II.        “ABUSIVE ACTS OR PRACTICES”

The DFA prohibits, and gives the CFPB authority to prevent, “any covered person or service provider” from engaging “in any unfair, deceptive, or abusive act or practice.” Under the DFA, an abusive act or practice:

(1) materially interferes with the ability of a consumer to understand a term or condition of a consumer financial product or service; or

(2) takes unreasonable advantage of—

(A) a lack of understanding on the part of the consumer of the material risks, costs, or conditions of the product or service;

(B) the inability of the consumer to protect the interests of the consumer in selecting or using a consumer financial product or service; or

(C) the reasonable reliance by the consumer on a covered person to act in the interests of the consumer.

III.       ENFORCEMENT OF “ABUSIVE ACTS OR PRACTICES” STANDARD

The CFPB’s first use of its power to prohibit abusive acts or practices was against a debt settlement company and its individual owner on May 30, 2013. The CFPB alleged in a complaint in the U.S. District Court for the Southern District of Florida that the debt settlement company knew the consumers’ detailed financial condition and capacity, and despite that knowledge, enrolled them in debt relief programs with monthly payments that, as the company knew, the consumers could not pay. Moreover, the debt settlement service company collected enrollment fees that allegedly caused “consumers to spend their last savings paying [the debt settlement service company] fees for a service from which they [would] not benefit.” The CFPB also alleged that the company failed to settle or alter the terms “of a single debt for approximately 89 percent of the consumers who enrolled.”

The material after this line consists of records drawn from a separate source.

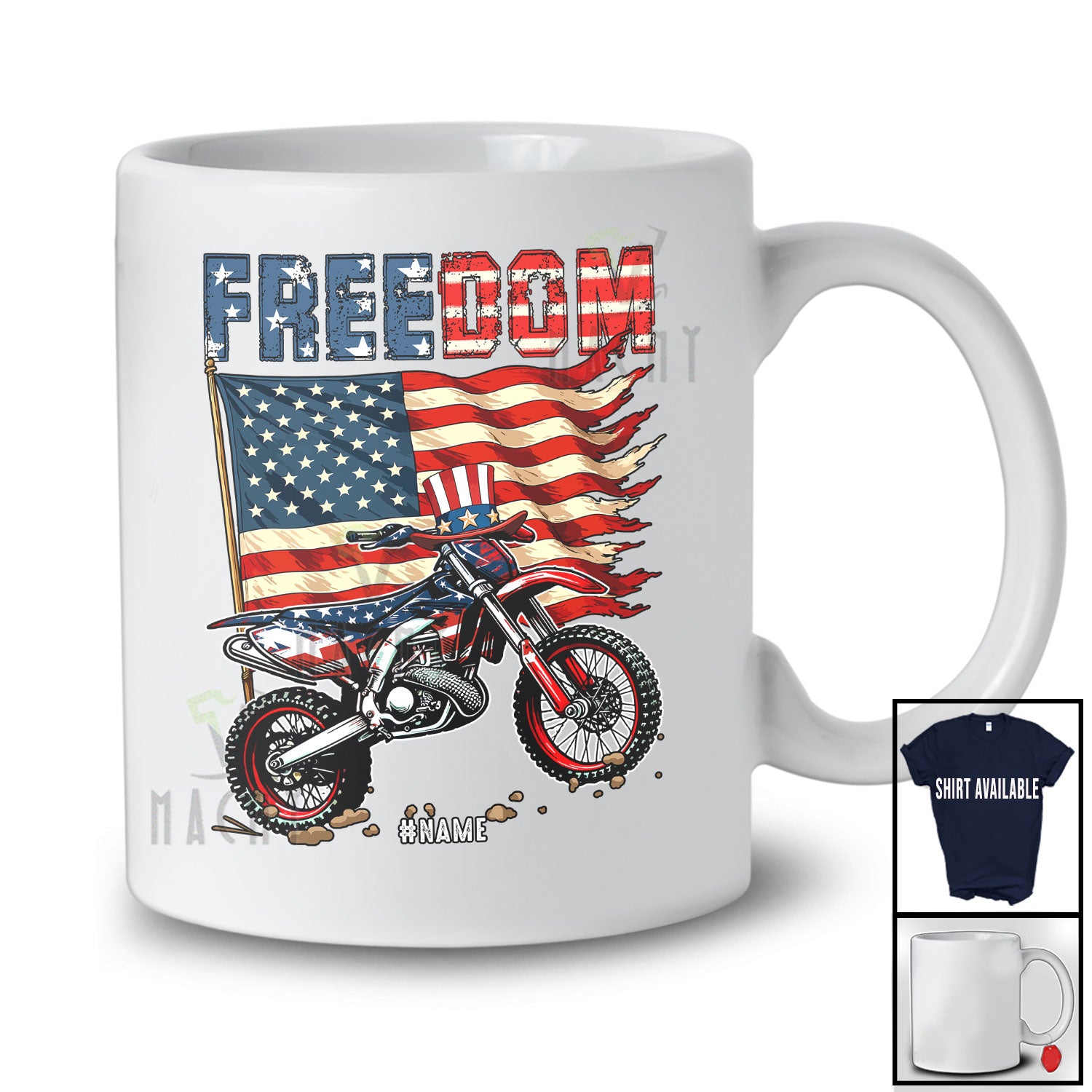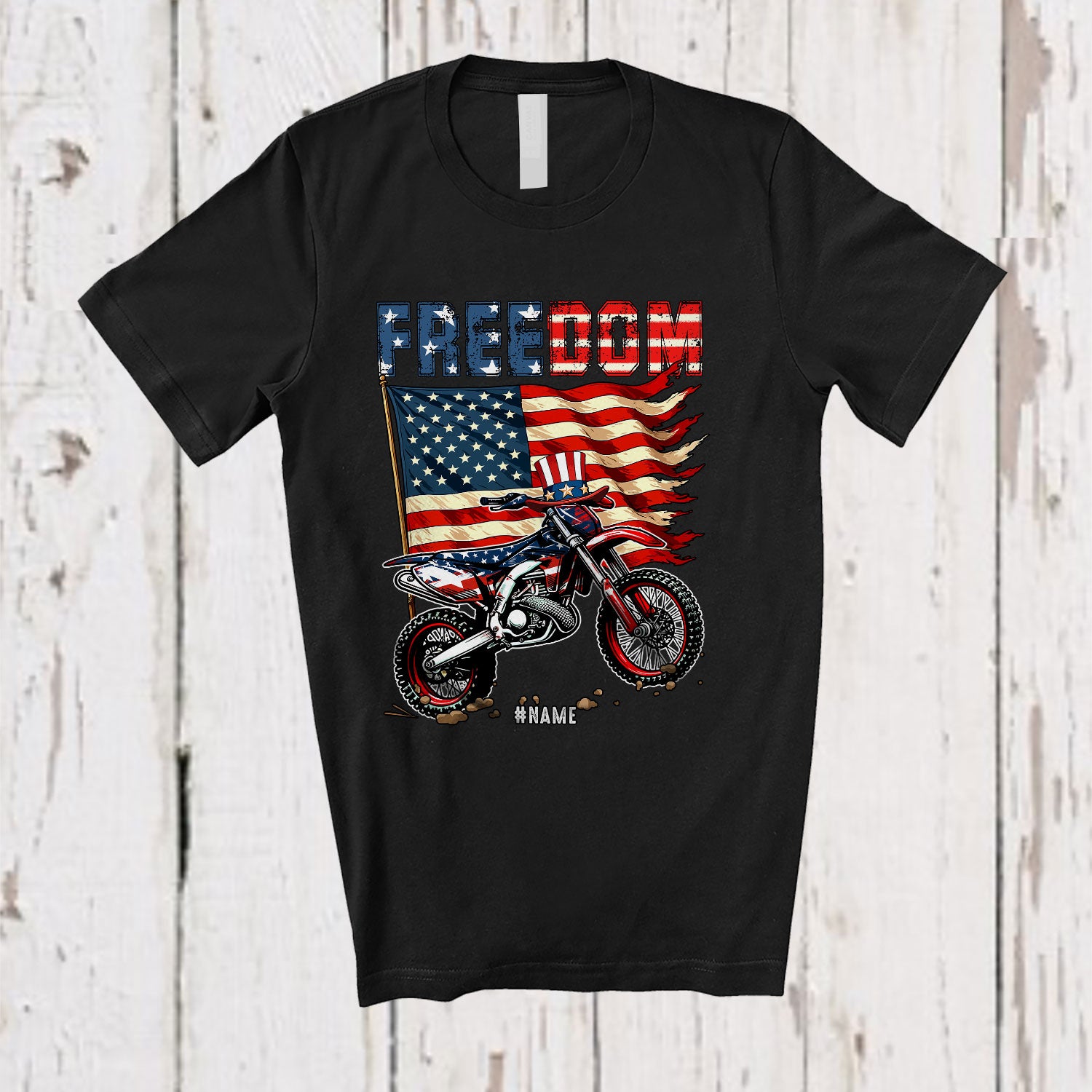 • Personalized Freedom; Awesome 4th Of July American Flag Custom Name Dirt Bike; Patriotic T-Shirt. This cotton t-shirt is a durable staple product with a classic fit. One of the most popular items, it has a relaxed style made for everyday and casual wear.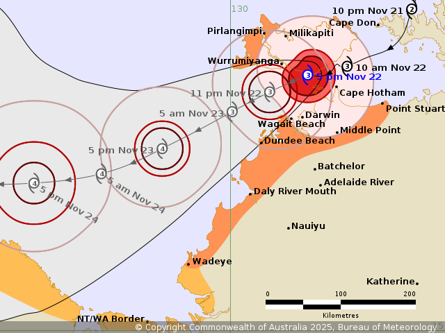 VERY DESTRUCTIVE WIND GUSTS to 205 km/h are occurring along the south coast of Melville Island, extending to Bathurst Island with a chance of reaching Wurrumiyanga this evening. Very destructive wind gusts are likely about exposed coastal sites northeast of Darwin (including Gunn Point and Cape Hotham) but the risk at Darwin is assessed as low.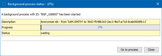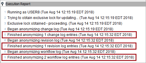 A background process begins, and an Execution Report shows when the anonymization is complete.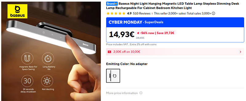 Многофункциональный светильник с сенсорным управлением, который крепится на магнитный держатель, заряжается через USB, может сниматься с держателя и использоваться автономно. Есть несколько уровней свечения - от ночника до яркого освещения, - и настройка цветовой температуры.

The allegations of abusive acts or practices relied upon two aspects of the “abusive” definition: (1) taking “unreasonable advantage of” the consumers’ “lack of understanding of how long it [would take the debt settlement company] to settle their debt and therefore how much money they [would] spend before realizing any benefits;” and (2) “taking unreasonable advantage of” the consumers’ reasonable reliance on the debt settlement company’s enrollment into a debt relief program that could be completed and result in the settlement of debt.

IV.       PENALTIES

The CFPB requested a $15,000 civil monetary penalty and disgorgement of the roughly $500,000 of fees collected by the debt settlement company, though the latter fee has been suspended since the company is unable to pay.

V.        CONCLUSION

Banks engaged in the sale of products and services, such as insurance, should be aware of the circumstances under which acts or practices they use could be considered “abusive” by the CFPB. Issues to consider include the complexity of products and services, advertisements and solicitations, pricing and the role, if any, of third-party vendors.